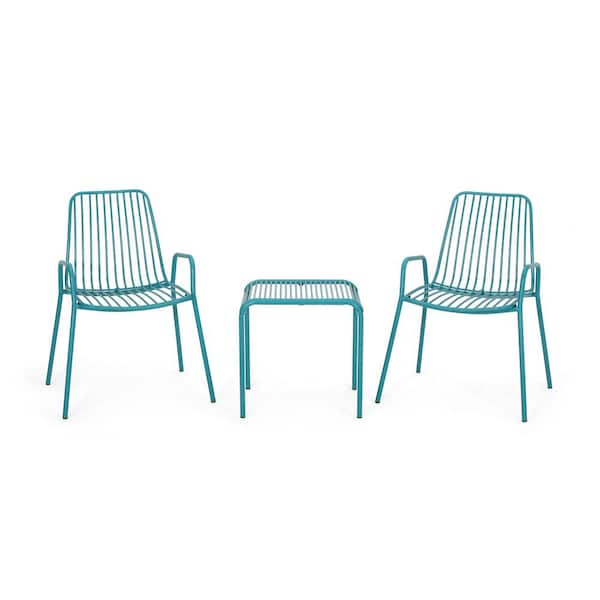 Annette Matte Teal 3-Piece Metal Outdoor Patio Conversation Seating Set
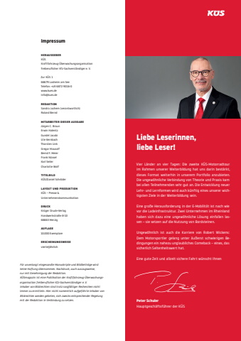 Liebe Leserinnen, liebe Leser!Vier L%u00e4nder an vier Tagen: Die zweite K%u00dcS-Motorradtour im Rahmen unserer Weiterbildung hat uns darin best%u00e4rkt, dieses Format weiterhin in unserem Portfolio anzubieten. Die ungew%u00f6hnliche Verbindung von Theorie und Praxis kam bei allen Teilnehmenden sehr gut an. Die Entwicklung neuer Lehr- und Lernformen wird auch k%u00fcnftig eines unserer wichtigsten Ziele in der Weiterbildung sein.Eine gro%u00dfe Herausforderung in der E-Mobilit%u00e4t ist nach wie vor die Ladeinfrastruktur. Zwei Unternehmen im Rheinland haben sich dazu eine ungew%u00f6hnliche L%u00f6sung einfallen lassen %u2013 sie setzen auf die Nutzung von Bordsteinen.Ungew%u00f6hnlich ist auch die Karriere von Robert Wickens: Dem Motorsportler gelang unter %u00e4u%u00dferst schwierigen Bedingungen ein nahezu unglaubliches Comeback %u2013 eines, das sicherlich Seltenheitswert hat.Eine gute Zeit und allzeit sichere Fahrt w%u00fcnscht IhnenPeter SchulerHauptgesch%u00e4ftsf%u00fchrer der K%u00dcSImpressumHERAUSGEBERK%u00dcS Kraftfahrzeug-%u00dcberwachungsorganisation freiberuflicher Kfz-Sachverst%u00e4ndiger e. V.Zur K%u00dcS 166679 Losheim am SeeTelefon: +49 6872 9016-0www.kues.deinfo@kues.deREDAKTIONSandra Jochem (verantwortlich)Roland BerndMITARBEITER DIESER AUSGABEJ%u00fcrgen C. BraunErwin HalentzGundel JacobiUte KernbachThorsten LinkGregor MausolfBernd F. MeierFrank N%u00fcsselKarl SeilerCharlotte WolfTITELBILDK%u00dcS/Daniel Schr%u00f6derLAYOUT UND PRODUKTIONK%u00dcS %u2013 Presse & UnternehmenskommunikationDRUCKKr%u00fcger Druck+VerlagHandwerkstra%u00dfe 8-1066663 MerzigAUFLAGE10.000 ExemplareERSCHEINUNGSWEISEviertelj%u00e4hrlichF%u00fcr unverlangt eingesandte Manuskripte und Bildbeitr%u00e4ge wird keine Haftung %u00fcbernommen. Nachdruck, auch auszugsweise,nur mit Genehmigung der Redaktion.K%u00dcSmagazin ist eine Publikation der Kraftfahrzeug-%u00dcberwachungsorganisation freiberuflicher Kfz-Sachverst%u00e4ndiger e. V. Inhaber von Bildrechten sind trotz sorgf%u00e4ltiger Recherchen nicht immer zu ermitteln. Hier nicht namentlich aufgef%u00fchrte Inhaber von Bildrechten werden gebeten, sich zwecks entsprechender Regelung mit der Redaktion in Verbindung zu setzen.
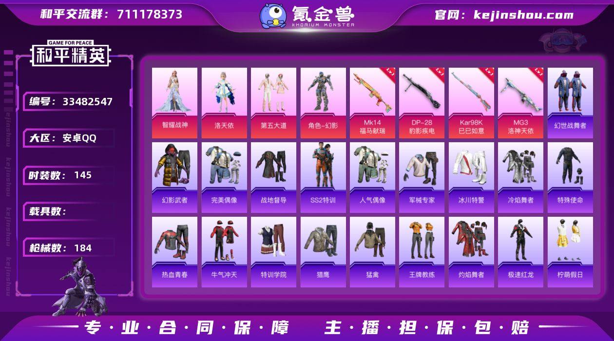 可二次【洛天依 3粉装4特效枪 可秒换绑不用等】 安卓Q区-48846热力值-145套装-184枪皮 【3粉装】 洛天依 第五大道 角色-智耀战神【4特效枪】 MG3-洛神天依(7级) Mk14-福马献瑞(4级) Kar98K-巳巳如意(5级) DP-28-豹影疾电(5级)【24热门】 M416-蓝色火焰 长空猛禽 牛气冲天 霓虹街区 破蛋小黄鸡 极速红龙 白色伏地魔 SS27特训 SS26特训 SS25特训 SS24特训 SS23特训 SS22特训 Mk47-洛神天依 SCAR-L-玉兔迎春 M762-天降萌叽 M762-彩虹符号 Mk47-乌木金纹 SKS-糯团青竹 UMP45-蓝色火焰 DBS-彩虹符号 M249-彩虹符号 AKM-霓虹街区【3飞行器】 光之冒险尾迹 空岛之星尾迹 炫彩糖果飞行器 营地ID:933727956
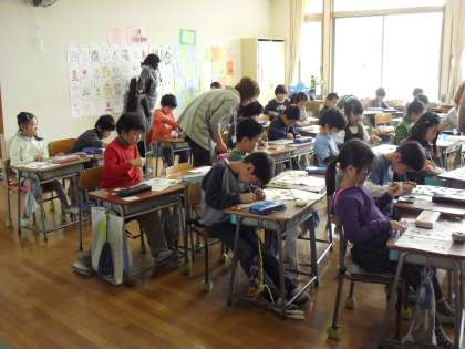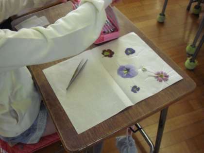 2年生は、生活科で先日乾燥させた草花を並べたり、ラミネートにはさんだりしました。全国花育推進会議の方々に教えていただきながらきれいな押し花作品が完成しました。作品は、15日の「ありがとうの会」に来ていただく方々にプレゼントします。
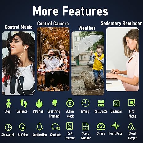 | Special Feature | Battery Capacity: 350Milliamp Hours, Fitness Tracker, Phone Call, Notifications, Sleep Monitor, Blood Oxygen Monitor, Heart Rate Monitor, Calorie Tracker, Alarm Clock, Stopwatch, Timer, Pedometer, Camera Control, Music Playback/Control, Weather Forecast, Sedentary Reminder |
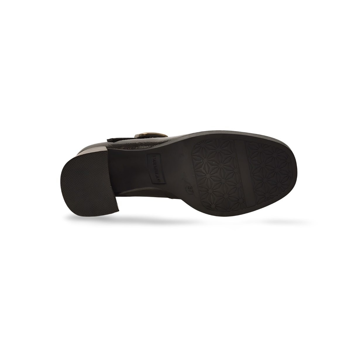 Capta todas las miradas con estas espectaculares Merceditas. Combina la dulzura de un diseño clásico con la fuerza de las tendencias actuales, creando un zapato imprescindible para tu armario. Su deslumbrante acabado en charol de alto brillo en tono gris no solo es visualmente impactante, sino que eleva cualquier look al instante. El tacón de bloque alto ofrece una silueta audaz y moderna, garantizando al mismo tiempo una estabilidad y comodidad superiores para caminar. La ligera plataforma en la parte delantera no solo añade un toque retro muy actual, sino que también reduce la altura percibida del tacón, aumentando significativamente el confort. La característica tira con hebilla metálica dorada sobre el empeine no solo asegura un ajuste perfecto, sino que añade un elegante contraste y un aire vintage. La puntera ligeramente cuadrada aporta un toque de diseño contemporáneo y ofrece mayor espacio y comodidad para los dedos. Su plantilla es extraíble.
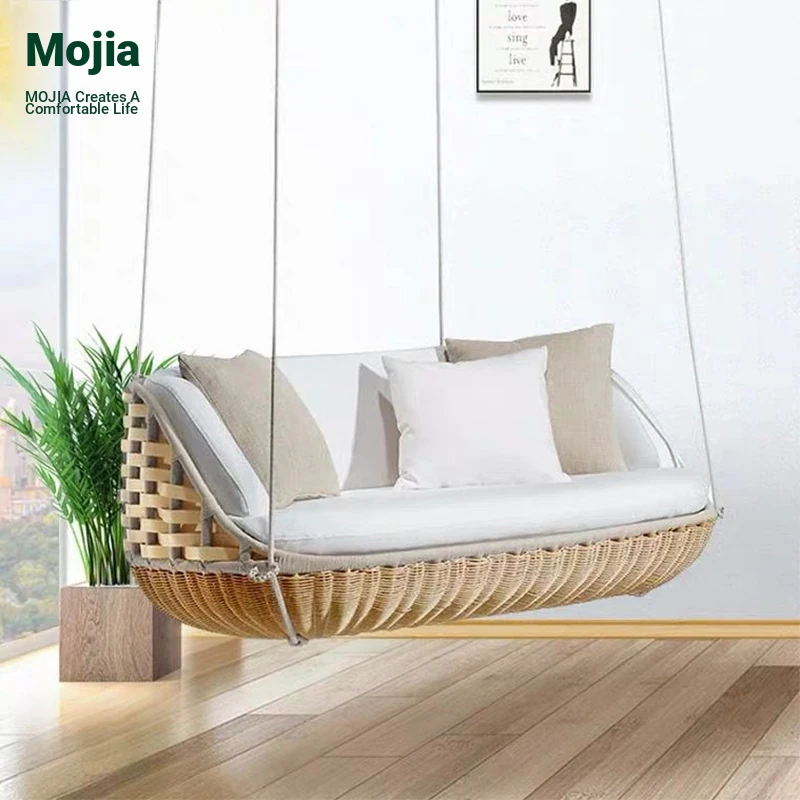 Mo Family Outdoor Swing - Cozy Double Hanging Basket for Patios, Villas, and Gardens. Perfect for Relaxation at Resorts and Travel Destinations. Trendy Sunroom Chair for Couples.
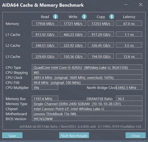 這款筆記本采用了8GB DDR4-2400內(nèi)存,實(shí)測(cè)讀取速度為17958MB/s,寫入速度為17721MB/s,大容量的內(nèi)存顯然會(huì)帶來更為快速的數(shù)據(jù)交換。
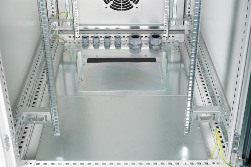Průmyslové skříně 483 mm (19 ") jsou chráněny proti vniknutí prachu a vody v souladu s bezpečnostní úrovní IP55 (IEC EN 60529), aby poskytovaly optimalizované podmínky pro uživatelsky přívětivou instalaci aktivních a pasivních součástí sítě doprovázených úhledným vedením kabelů v barva je tvořena 70-90 µm silným práškovým nátěrem v barvě šedé (RAL 7035) se schopností přilnavosti podle EN ISO 2409: třída 0 až 1. Další provedená 500 hodinová zkouška odolnosti vůči postřiku solí potvrzuje možný rozsah provozních teplot od -25 ° C do +70 ° C. Vnitřní montážní profilové lišty 483 mm (19 ”) (dva páry = 4 kusy) jsou galvanicky pozinkovány a označeny výškovými jednotkami (počítatelné z obou směrů). jsou variabilní v hloubce a jsou spojeny s přídavnými podpůrnými tyčemi pro realizaci rozsáhlých instalací zařízení o délce 483 mm (19 ”). Dále je uvnitř konstrukce otočného profilu. Každá skříň je vybavena soklem (výška 100 mm), který nabízí additio prostor pro kabeláž. Základna každé skříňky je vybavena posuvným kabelovým vstupním panelem s gumovým těsněním a pěti kabelovými vstupy PG (4x PG21 + 1x PG48). Rozsáhlé portfolio příslušenství pro správu kabelů, police atd. Pomůže splnit mnoho požadavků při každodenním používání.
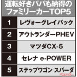 もちろん、ファミリーカーとしては、ミニバンも外せない。4位のセレナe-POWERは、HEVの進化に加え、オーテックスポーツスペックが選べる点を高く評価。唯一となったミニバンコンプリートカーは、ライバルパパにも自慢できる。

________

WHAT TO DO: From the first record above to the last, output each one exactly and omit the pictures.

EXERCISE ANSWER:
 Annette Matte Teal 3-Piece Metal Outdoor Patio Conversation Seating Set
 Liebe Leserinnen, liebe Leser!Vier L%u00e4nder an vier Tagen: Die zweite K%u00dcS-Motorradtour im Rahmen unserer Weiterbildung hat uns darin best%u00e4rkt, dieses Format weiterhin in unserem Portfolio anzubieten. Die ungew%u00f6hnliche Verbindung von Theorie und Praxis kam bei allen Teilnehmenden sehr gut an. Die Entwicklung neuer Lehr- und Lernformen wird auch k%u00fcnftig eines unserer wichtigsten Ziele in der Weiterbildung sein.Eine gro%u00dfe Herausforderung in der E-Mobilit%u00e4t ist nach wie vor die Ladeinfrastruktur. Zwei Unternehmen im Rheinland haben sich dazu eine ungew%u00f6hnliche L%u00f6sung einfallen lassen %u2013 sie setzen auf die Nutzung von Bordsteinen.Ungew%u00f6hnlich ist auch die Karriere von Robert Wickens: Dem Motorsportler gelang unter %u00e4u%u00dferst schwierigen Bedingungen ein nahezu unglaubliches Comeback %u2013 eines, das sicherlich Seltenheitswert hat.Eine gute Zeit und allzeit sichere Fahrt w%u00fcnscht IhnenPeter SchulerHauptgesch%u00e4ftsf%u00fchrer der K%u00dcSImpressumHERAUSGEBERK%u00dcS Kraftfahrzeug-%u00dcberwachungsorganisation freiberuflicher Kfz-Sachverst%u00e4ndiger e. V.Zur K%u00dcS 166679 Losheim am SeeTelefon: +49 6872 9016-0www.kues.deinfo@kues.deREDAKTIONSandra Jochem (verantwortlich)Roland BerndMITARBEITER DIESER AUSGABEJ%u00fcrgen C. BraunErwin HalentzGundel JacobiUte KernbachThorsten LinkGregor MausolfBernd F. MeierFrank N%u00fcsselKarl SeilerCharlotte WolfTITELBILDK%u00dcS/Daniel Schr%u00f6derLAYOUT UND PRODUKTIONK%u00dcS %u2013 Presse & UnternehmenskommunikationDRUCKKr%u00fcger Druck+VerlagHandwerkstra%u00dfe 8-1066663 MerzigAUFLAGE10.000 ExemplareERSCHEINUNGSWEISEviertelj%u00e4hrlichF%u00fcr unverlangt eingesandte Manuskripte und Bildbeitr%u00e4ge wird keine Haftung %u00fcbernommen. Nachdruck, auch auszugsweise,nur mit Genehmigung der Redaktion.K%u00dcSmagazin ist eine Publikation der Kraftfahrzeug-%u00dcberwachungsorganisation freiberuflicher Kfz-Sachverst%u00e4ndiger e. V. Inhaber von Bildrechten sind trotz sorgf%u00e4ltiger Recherchen nicht immer zu ermitteln. Hier nicht namentlich aufgef%u00fchrte Inhaber von Bildrechten werden gebeten, sich zwecks entsprechender Regelung mit der Redaktion in Verbindung zu setzen.
 可二次【洛天依 3粉装4特效枪 可秒换绑不用等】 安卓Q区-48846热力值-145套装-184枪皮 【3粉装】 洛天依 第五大道 角色-智耀战神【4特效枪】 MG3-洛神天依(7级) Mk14-福马献瑞(4级) Kar98K-巳巳如意(5级) DP-28-豹影疾电(5级)【24热门】 M416-蓝色火焰 长空猛禽 牛气冲天 霓虹街区 破蛋小黄鸡 极速红龙 白色伏地魔 SS27特训 SS26特训 SS25特训 SS24特训 SS23特训 SS22特训 Mk47-洛神天依 SCAR-L-玉兔迎春 M762-天降萌叽 M762-彩虹符号 Mk47-乌木金纹 SKS-糯团青竹 UMP45-蓝色火焰 DBS-彩虹符号 M249-彩虹符号 AKM-霓虹街区【3飞行器】 光之冒险尾迹 空岛之星尾迹 炫彩糖果飞行器 营地ID:933727956
 2年生は、生活科で先日乾燥させた草花を並べたり、ラミネートにはさんだりしました。全国花育推進会議の方々に教えていただきながらきれいな押し花作品が完成しました。作品は、15日の「ありがとうの会」に来ていただく方々にプレゼントします。
 | Special Feature | Battery Capacity: 350Milliamp Hours, Fitness Tracker, Phone Call, Notifications, Sleep Monitor, Blood Oxygen Monitor, Heart Rate Monitor, Calorie Tracker, Alarm Clock, Stopwatch, Timer, Pedometer, Camera Control, Music Playback/Control, Weather Forecast, Sedentary Reminder |
 Capta todas las miradas con estas espectaculares Merceditas. Combina la dulzura de un diseño clásico con la fuerza de las tendencias actuales, creando un zapato imprescindible para tu armario. Su deslumbrante acabado en charol de alto brillo en tono gris no solo es visualmente impactante, sino que eleva cualquier look al instante. El tacón de bloque alto ofrece una silueta audaz y moderna, garantizando al mismo tiempo una estabilidad y comodidad superiores para caminar. La ligera plataforma en la parte delantera no solo añade un toque retro muy actual, sino que también reduce la altura percibida del tacón, aumentando significativamente el confort. La característica tira con hebilla metálica dorada sobre el empeine no solo asegura un ajuste perfecto, sino que añade un elegante contraste y un aire vintage. La puntera ligeramente cuadrada aporta un toque de diseño contemporáneo y ofrece mayor espacio y comodidad para los dedos. Su plantilla es extraíble.
 Mo Family Outdoor Swing - Cozy Double Hanging Basket for Patios, Villas, and Gardens. Perfect for Relaxation at Resorts and Travel Destinations. Trendy Sunroom Chair for Couples.
 這款筆記本采用了8GB DDR4-2400內(nèi)存,實(shí)測(cè)讀取速度為17958MB/s,寫入速度為17721MB/s,大容量的內(nèi)存顯然會(huì)帶來更為快速的數(shù)據(jù)交換。
Průmyslové skříně 483 mm (19 ") jsou chráněny proti vniknutí prachu a vody v souladu s bezpečnostní úrovní IP55 (IEC EN 60529), aby poskytovaly optimalizované podmínky pro uživatelsky přívětivou instalaci aktivních a pasivních součástí sítě doprovázených úhledným vedením kabelů v barva je tvořena 70-90 µm silným práškovým nátěrem v barvě šedé (RAL 7035) se schopností přilnavosti podle EN ISO 2409: třída 0 až 1. Další provedená 500 hodinová zkouška odolnosti vůči postřiku solí potvrzuje možný rozsah provozních teplot od -25 ° C do +70 ° C. Vnitřní montážní profilové lišty 483 mm (19 ”) (dva páry = 4 kusy) jsou galvanicky pozinkovány a označeny výškovými jednotkami (počítatelné z obou směrů). jsou variabilní v hloubce a jsou spojeny s přídavnými podpůrnými tyčemi pro realizaci rozsáhlých instalací zařízení o délce 483 mm (19 ”). Dále je uvnitř konstrukce otočného profilu. Každá skříň je vybavena soklem (výška 100 mm), který nabízí additio prostor pro kabeláž. Základna každé skříňky je vybavena posuvným kabelovým vstupním panelem s gumovým těsněním a pěti kabelovými vstupy PG (4x PG21 + 1x PG48). Rozsáhlé portfolio příslušenství pro správu kabelů, police atd. Pomůže splnit mnoho požadavků při každodenním používání.
 もちろん、ファミリーカーとしては、ミニバンも外せない。4位のセレナe-POWERは、HEVの進化に加え、オーテックスポーツスペックが選べる点を高く評価。唯一となったミニバンコンプリートカーは、ライバルパパにも自慢できる。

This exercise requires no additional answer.